Он пошёл домой пешком. В последние дни он не слушал музыку даже по пути куда-то. Но сейчас он достал наушники, закинутые по привычке в рюкзак, и включил плейлист в случайном порядке. Юнги надеялся, что музыка сможет перекричать его собственные мысли.
Когда это произошло, Юнги заходил домой и надавливал носком одной ноги на задник кроссовка. Ему пришло сообщение от Давон, и всё снова изменилось.
«Хосок проснулся».
*
Мин Юнги лежал на своей кровати и смотрел в потолок. Окна были плотно зашторены, так, чтобы ни один лучик солнца не попадал в комнату. Синтезатор в углу снова был накрыт покрывалом. Он затеял генеральную уборку, выкидывая всё, что не нужно, под раздачу попали тетради из школы, плакаты со стен и просто те вещи, которые мы храним ради какого-то призрачного случая в будущем, когда они могут понадобиться. Юнги хотел избавиться от всего ненужного. Но избавиться от своих желаний и надежд оказалось куда сложнее, чем от коллекции камней с пляжа.
Ещё Мин Юнги старался не смотреть на календарь и часы, из-за чего потерял ощущение времени. Он просыпался ночью и шёл завтракать, а потом засыпал до ужина. Время растягивалось и схлопывалось, становилось безразмерным и тягучим. Но это помогало не думать, так что Юнги не жаловался.
Помимо уборки, он почти ничем не занимался. Он бесцельно листал книги и журналы, не усваивая слова. Он избегал всего, что хоть отдалённо связанно с музыкой. Мин Юнги увядал на глазах. И это было заметно всем.
Но было у него кое-что, что занимало мысли и держало в сознании. И была это злость. Всепоглощающая злость на всё вокруг: на жизнь, на мир, на всех людей, которые сделали такую ситуацию возможной. Две злости боролись друг с другом за первенство: на себя и на Хосока.
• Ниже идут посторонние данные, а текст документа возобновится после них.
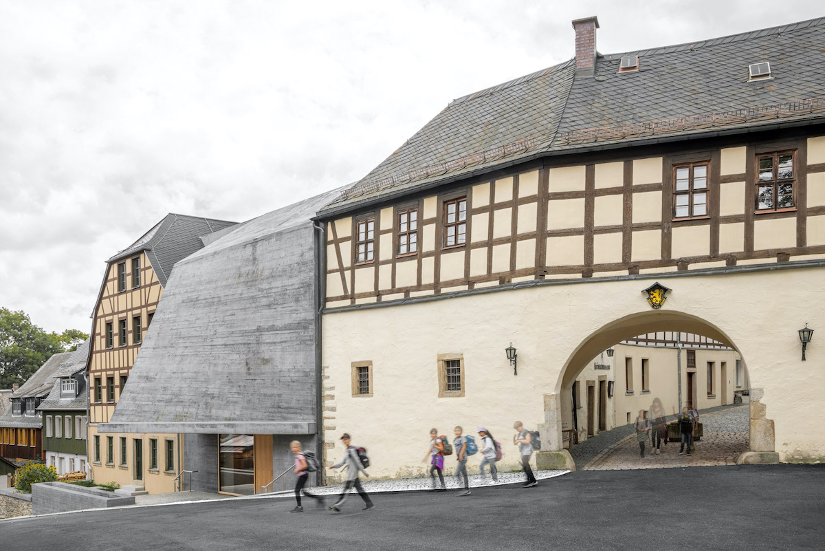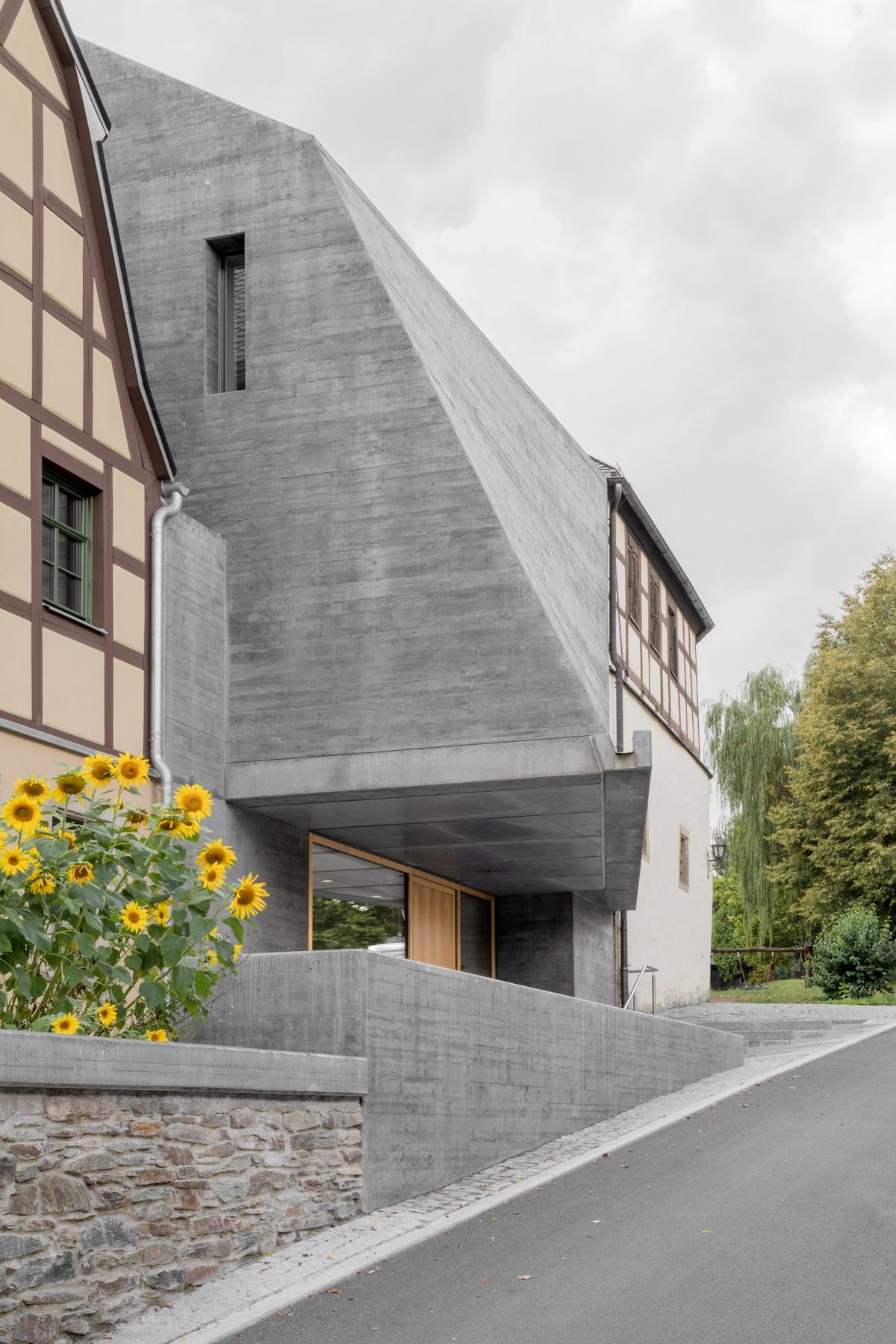 У німецькому місті Адорф збудували Музей перламутру у вигляді масивного бетонного об’єму неправильної форми, затиснутого між двома старовинними будинками.

Пока Хосок ещё был без сознания, Юнги только и мог, что молиться, хотя был атеистом. Но теперь Чон идёт на поправку. А Мин готов прийти в больницу и задушить его.
А в следующую секунду он ненавидит себя за такие мысли. Он вспоминает, что не смог помочь, когда был так нужен. И тогда он прекращает метаться по комнате и сжимается в комок на кровати.
Он лежит и ищет себе оправдания. Ведь он спрашивал и не раз. Он предлагал поговорить. Он был рядом и поддерживал. Он говорил, что поможет вырваться из родительского дома, и делал всё, чтобы исполнить это обещание. Когда одно из оправданий работает, он возвращается к злости на Хосока.
Ведь он отнял у Юнги будущее. Отнял мечту поступить на композитора, ради которой он отдал столько. Он отнял у Юнги любовь, которой тот посвятил всего себя. Он решил всё за двоих и ушёл, оставив Мина одного.
И, раздираемый этими чувствами, Юнги боялся идти в больницу, ведь понимал, что не сможет сдержаться. А сейчас упрёки и обвинения нужны Хосоку меньше всего. Так что Мин сидел дома и ждал, когда чувства утихнут. Но прошёл день, два, затем неделя. А он всё также давил в себе злость.
Мама поначалу пыталась с ним поговорить, но быстро оставила попытки. Отец просто вздыхал. Намджун с Сокджином заглянули один раз, но поняв, что Юнги намеренно не спрашивает ничего о Хосоке, решили дать ему время.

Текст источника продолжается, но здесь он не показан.